Das Finanzamt wertete das Schreiben vom 30.12.2013 als Einspruch gegen die Zinsfestsetzungen und wies diesen zurück. Die Kläger hielten dagegen, dass kein Bescheid über die Festsetzung von Zinsen vorliege, sondern lediglich eine Abrechnung über Zinsen in dem Bescheid über Einkommensteuer, welche keinen eigenständigen Verwaltungsakt darstelle. Die Kläger stellten einen Antrag auf Änderung der Zinsfestsetzung zur Einkommensteuer 2007 und 2008, den das Finanzamt aber ablehnte. Das FG wies die hiergegen gerichtete Klage ab. Allerdings wurde die Revision zugelassen. Das Verfahren ist beim BFH unter dem Az.: VIII R 16/19 anhängig.

Die Gründe:
Die Kläger haben keinen Anspruch auf Berichtigung oder Änderung der Zinsfestsetzungen zur Einkommensteuer 2007 und 2008.

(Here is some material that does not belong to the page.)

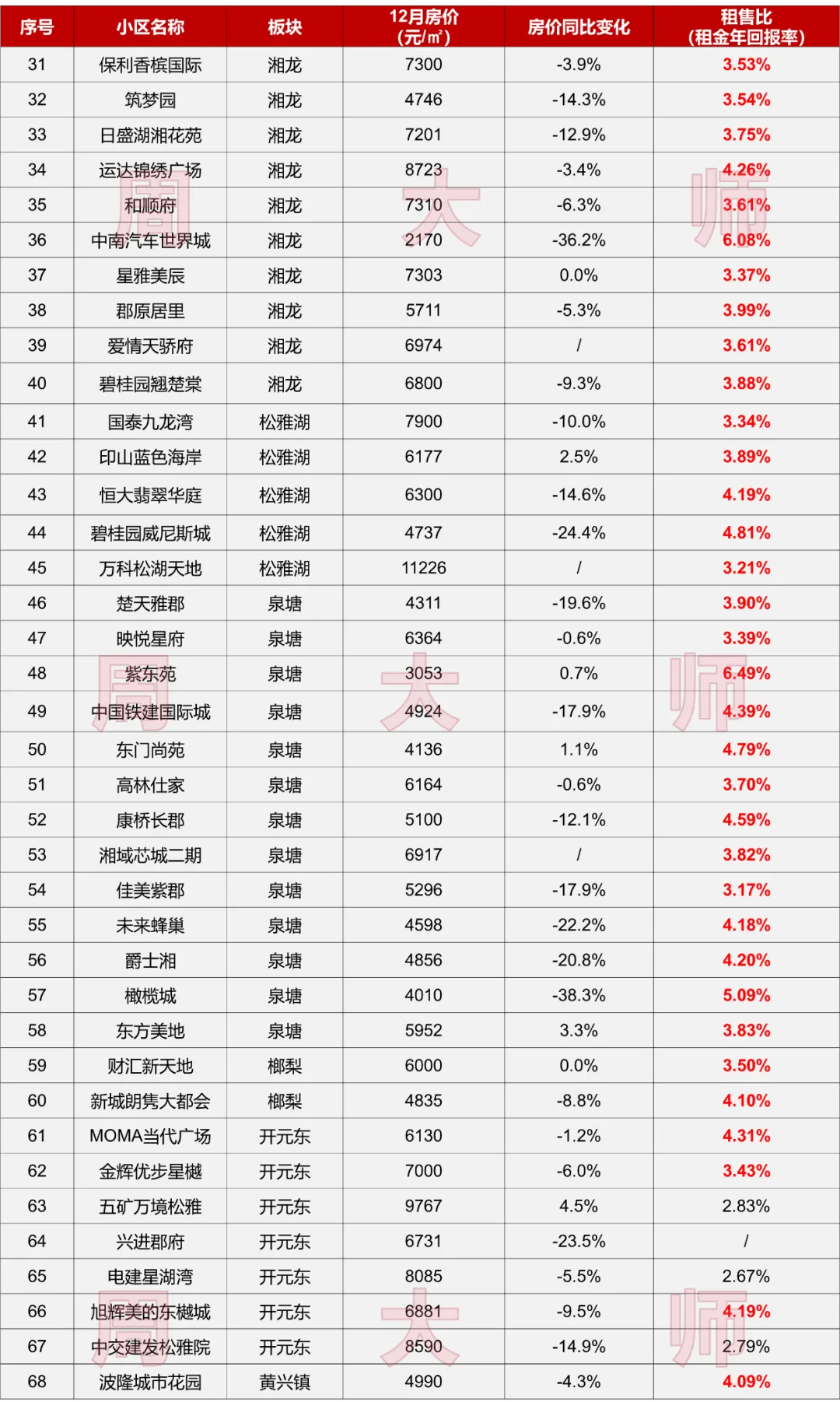 长沙(长沙县)12月68盘二手房价及租售比统计

§ 129 Satz 1 AO regelt, dass die Finanzbehörde Schreibfehler, Rechenfehler und ähnliche offenbare Unrichtigkeiten, die beim Erlass eines Verwaltungsakts unterlaufen sind, jederzeit innerhalb der Verjährungsfrist berichtigen kann. Bei berechtigtem Interesse des Beteiligten ist zu berichtigen (§ 129 Satz 2 AO). § 129 AO gilt auch für die Festsetzung von Zinsen (§ 239 Abs. 1 Satz 1 AO). Nach ständiger BFH-Rechtsprechung handelt es sich um eine offenbare Unrichtigkeit i.S.v. § 129 AO, wenn ein Fehler bei Offenlegung des Sachverhalts für jeden unvoreingenommenen Dritten klar und eindeutig als offenbare Unrichtigkeit erkennbar ist. Davon ist auszugehen bei mechanischen Versehen wie beispielsweise Eingabe- oder Übertragungsfehlern. Dagegen schließen Fehler bei der Auslegung oder Anwendung einer Rechtsnorm, eine unrichtige Tatsachenwürdigung oder die unzutreffende Annahme eines in Wirklichkeit nicht vorliegenden Sachverhalts eine offenbare Unrichtigkeit aus.

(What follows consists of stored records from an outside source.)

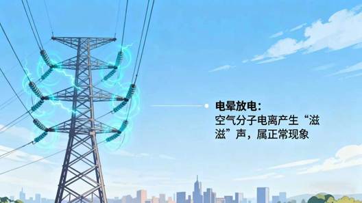 当导线表面的电场强度超过空气的绝缘能力时,就会使周围的空气分子发生电离,产生微弱的放电现象,同时发出“滋滋”声。这属于高电压环境下的正常物理现象,并不是漏电,也不会对公众安全造成威胁。在空气湿度较大的天气里,这种声音可能会更加明显,但这完全在工程设计预期范围内。
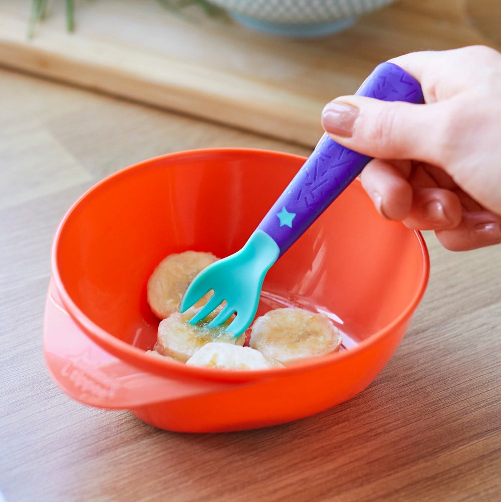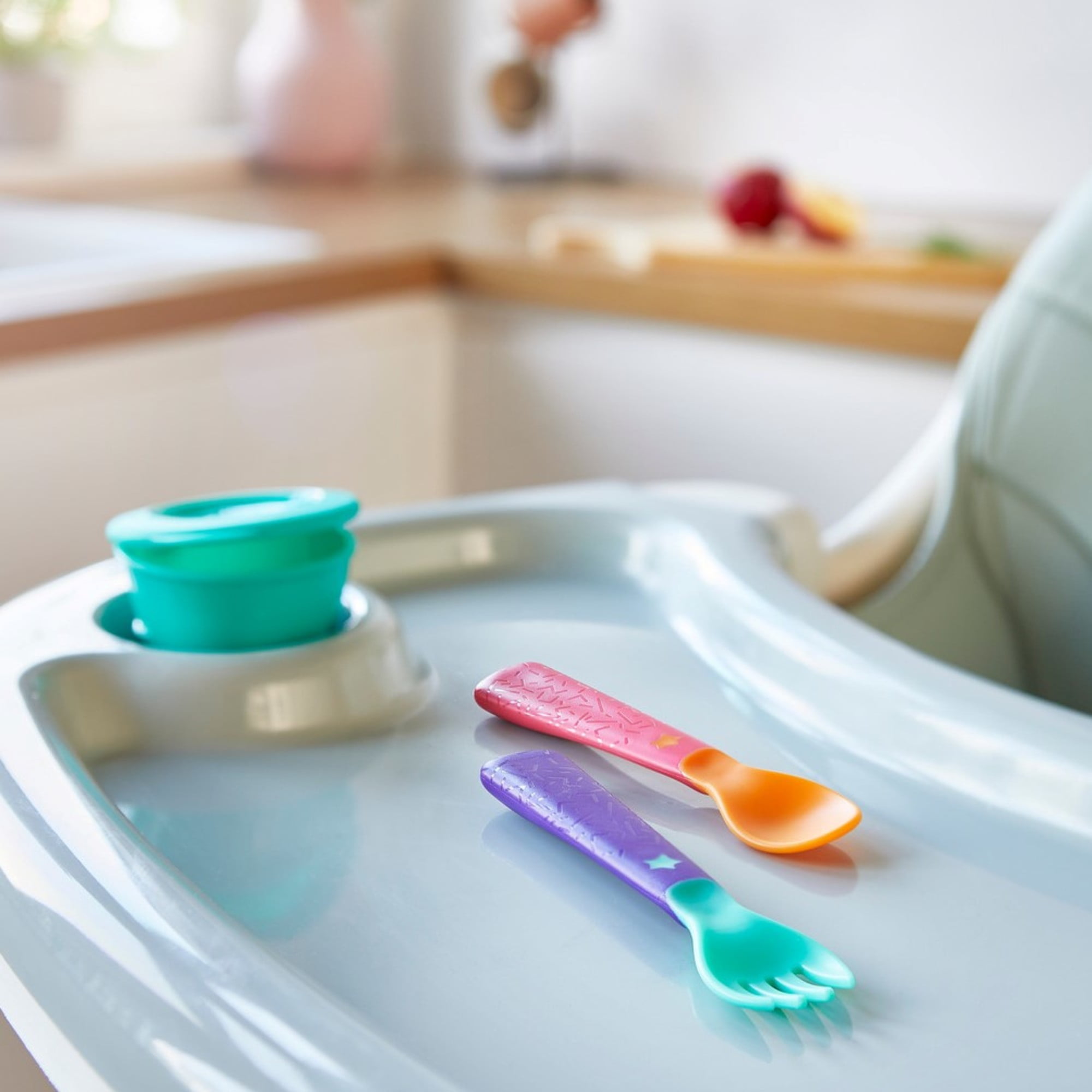 When your little one is ready to learn, there’s no stopping them! That’s why our Easigrip™ Self-Feeding Fork and Spoon set is designed to help babies scoop, stab, grip and feed themselves confidently and safely. The chunky handles are perfect for little hands, and the spoon is wide and deep to make scooping easier and help more food stay on. The fork also has rounded edges to protect toddlers’ little mouths and gums.
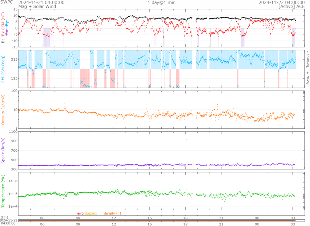 一瞬900km/sを越える突風があったようですが、引き続き380km/s前後で推移しています
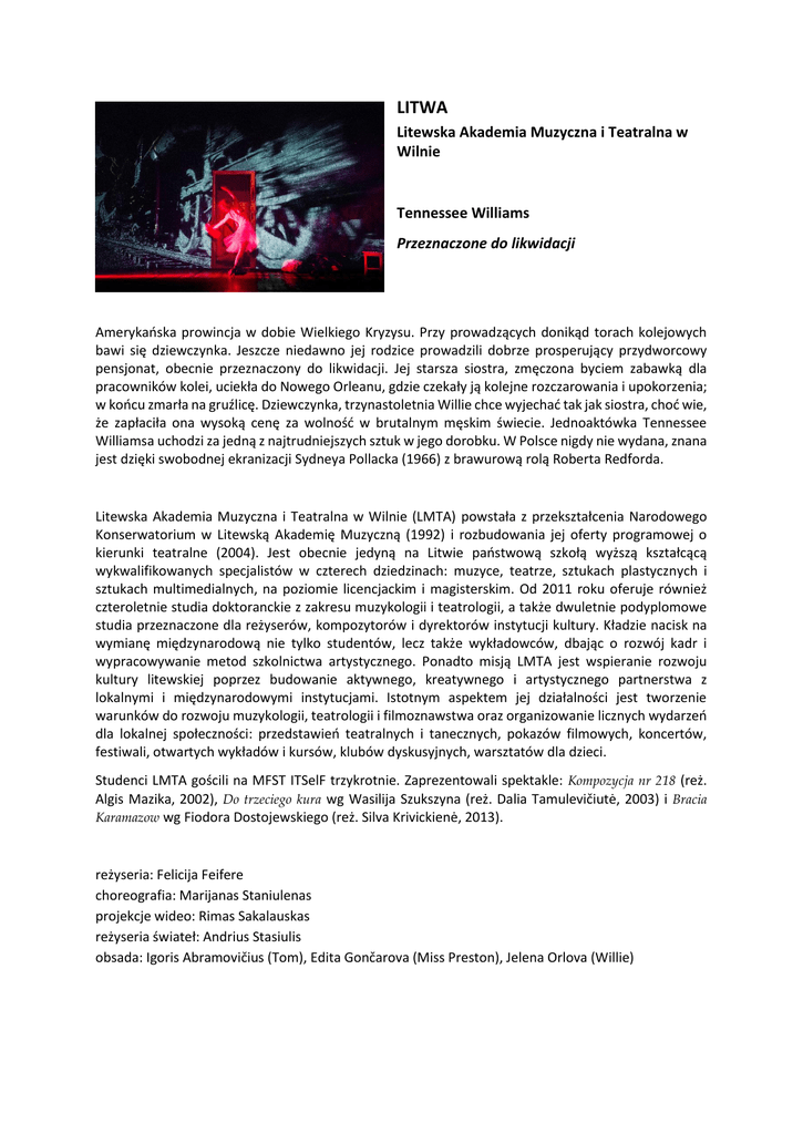 LITWA Litewska Akademia Muzyczna i Teatralna w Wilnie Tennessee Williams Przeznaczone do likwidacji Amerykańska prowincja w dobie Wielkiego Kryzysu. Przy prowadzących donikąd torach kolejowych bawi się dziewczynka. Jeszcze niedawno jej rodzice prowadzili dobrze prosperujący przydworcowy pensjonat, obecnie przeznaczony do likwidacji. Jej starsza siostra, zmęczona byciem zabawką dla pracowników kolei, uciekła do Nowego Orleanu, gdzie czekały ją kolejne rozczarowania i upokorzenia; w końcu zmarła na gruźlicę. Dziewczynka, trzynastoletnia Willie chce wyjechać tak jak siostra, choć wie, że zapłaciła ona wysoką cenę za wolność w brutalnym męskim świecie. Jednoaktówka Tennessee Williamsa uchodzi za jedną z najtrudniejszych sztuk w jego dorobku. W Polsce nigdy nie wydana, znana jest dzięki swobodnej ekranizacji Sydneya Pollacka (1966) z brawurową rolą Roberta Redforda. Litewska Akademia Muzyczna i Teatralna w Wilnie (LMTA) powstała z przekształcenia Narodowego Konserwatorium w Litewską Akademię Muzyczną (1992) i rozbudowania jej oferty programowej o kierunki teatralne (2004). Jest obecnie jedyną na Litwie państwową szkołą wyższą kształcącą wykwalifikowanych specjalistów w czterech dziedzinach: muzyce, teatrze, sztukach plastycznych i sztukach multimedialnych, na poziomie licencjackim i magisterskim. Od 2011 roku oferuje również czteroletnie studia doktoranckie z zakresu muzykologii i teatrologii, a także dwuletnie podyplomowe studia przeznaczone dla reżyserów, kompozytorów i dyrektorów instytucji kultury. Kładzie nacisk na wymianę międzynarodową nie tylko studentów, lecz także wykładowców, dbając o rozwój kadr i wypracowywanie metod szkolnictwa artystycznego. Ponadto misją LMTA jest wspieranie rozwoju kultury litewskiej poprzez budowanie aktywnego, kreatywnego i artystycznego partnerstwa z lokalnymi i międzynarodowymi instytucjami. Istotnym aspektem jej działalności jest tworzenie warunków do rozwoju muzykologii, teatrologii i filmoznawstwa oraz organizowanie licznych wydarzeń dla lokalnej społeczności: przedstawień teatralnych i tanecznych, pokazów filmowych, koncertów, festiwali, otwartych wykładów i kursów, klubów dyskusyjnych, warsztatów dla dzieci. Studenci LMTA gościli na MFST ITSelF trzykrotnie. Zaprezentowali spektakle: Kompozycja nr 218 (reż. Algis Mazika, 2002), Do trzeciego kura wg Wasilija Szukszyna (reż. Dalia Tamulevičiutė, 2003) i Bracia Karamazow wg Fiodora Dostojewskiego (reż. Silva Krivickienė, 2013). reżyseria: Felicija Feifere choreografia: Marijanas Staniulenas projekcje wideo: Rimas Sakalauskas reżyseria świateł: Andrius Stasiulis obsada: Igoris Abramovičius (Tom), Edita Gončarova (Miss Preston), Jelena Orlova (Willie)

Infolgedessen konnte im vorliegenden Fall nicht von einer offenbaren Unrichtigkeit ausgegangen werden. Anhaltspunkte für ein mechanisches Versehen, das zur Anwendung eines früheren Zinslaufbeginns geführt hatte, waren nicht ersichtlich. Vielmehr beruhte die Zinsfestsetzung auf einer, von der Rechtsauffassung der Kläger abweichenden, Anwendung des § 233a Abs. 2a AO. Doch ein solcher Fall wird von § 129 AO gerade nicht erfasst.

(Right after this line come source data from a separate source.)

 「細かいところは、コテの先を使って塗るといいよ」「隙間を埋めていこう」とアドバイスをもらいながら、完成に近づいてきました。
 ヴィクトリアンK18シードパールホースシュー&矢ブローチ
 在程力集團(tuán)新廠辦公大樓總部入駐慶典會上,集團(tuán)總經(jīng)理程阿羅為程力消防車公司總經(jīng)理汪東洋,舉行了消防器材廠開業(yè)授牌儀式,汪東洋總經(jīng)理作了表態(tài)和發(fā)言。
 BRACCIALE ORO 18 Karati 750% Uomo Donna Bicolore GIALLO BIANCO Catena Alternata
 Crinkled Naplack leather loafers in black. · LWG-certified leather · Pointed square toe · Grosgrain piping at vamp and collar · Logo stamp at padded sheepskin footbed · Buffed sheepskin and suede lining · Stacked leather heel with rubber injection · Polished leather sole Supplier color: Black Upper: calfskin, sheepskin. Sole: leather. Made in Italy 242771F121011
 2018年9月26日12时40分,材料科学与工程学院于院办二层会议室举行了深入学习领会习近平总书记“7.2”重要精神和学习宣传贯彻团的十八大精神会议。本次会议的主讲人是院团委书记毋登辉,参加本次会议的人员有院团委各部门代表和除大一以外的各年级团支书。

Auch kein Anspruch der Kläger auf Änderung der Zinsfestsetzungen gem. § 233a Abs. 5 AO im Hinblick auf die Änderung der Einkommensteuerfestsetzungen 2007 und 2008 schied aus. Fehler, die sich allein auf die Zinsfestsetzung beziehen und nicht von der Bindungswirkung des Steuerbescheids umfasst sind, wie etwa die Berücksichtigung eines unrichtigen Wertstellungstages oder sonstige Berechnungsfehler, können nicht über diese Vorschrift, sondern nur nach §§ 239 Abs. 1 i.V.m. §§ 172 ff. AO korrigiert werden. Klärungsbedürftig ist in diesem Zusammenhang somit die Frage, ob der Wegfall der Investitionsabsicht nach § 7g Abs. 3 EStG als rückwirkendes Ereignis in den Einkommensteuerfestsetzungsbescheiden festgestellt wurde, bzw. inwieweit eine solche Feststellung Bindungswirkung für den Zinslaufbeginn in den Zinsbescheiden entfaltet.

Gegen das Vorliegen einer solchen Feststellung im Streitfall sprach, dass sich den Einkommensteuerbescheiden 2007 und 2008 nicht entnehmen ließ, dass die durchgeführte Änderung auf einem rückwirkenden Ereignis gem. § 175 Abs. 1 Satz 1 Nr. 2 AO beruhte. In den Bescheiden wurde lediglich darauf hingewiesen, dass diese nach § 164 Abs. 2 AO geändert worden waren. Auch darüber hinaus ließ sich den Bescheiden nicht entnehmen, dass die Änderung auf eine Rückgängigmachung gem. § 7g Abs. 3 EStG zurück zu führen, geschweige denn zu welchem Zeitpunkt die Investitionsabsicht gem. § 7g Abs. 3 EStG weggefallen war.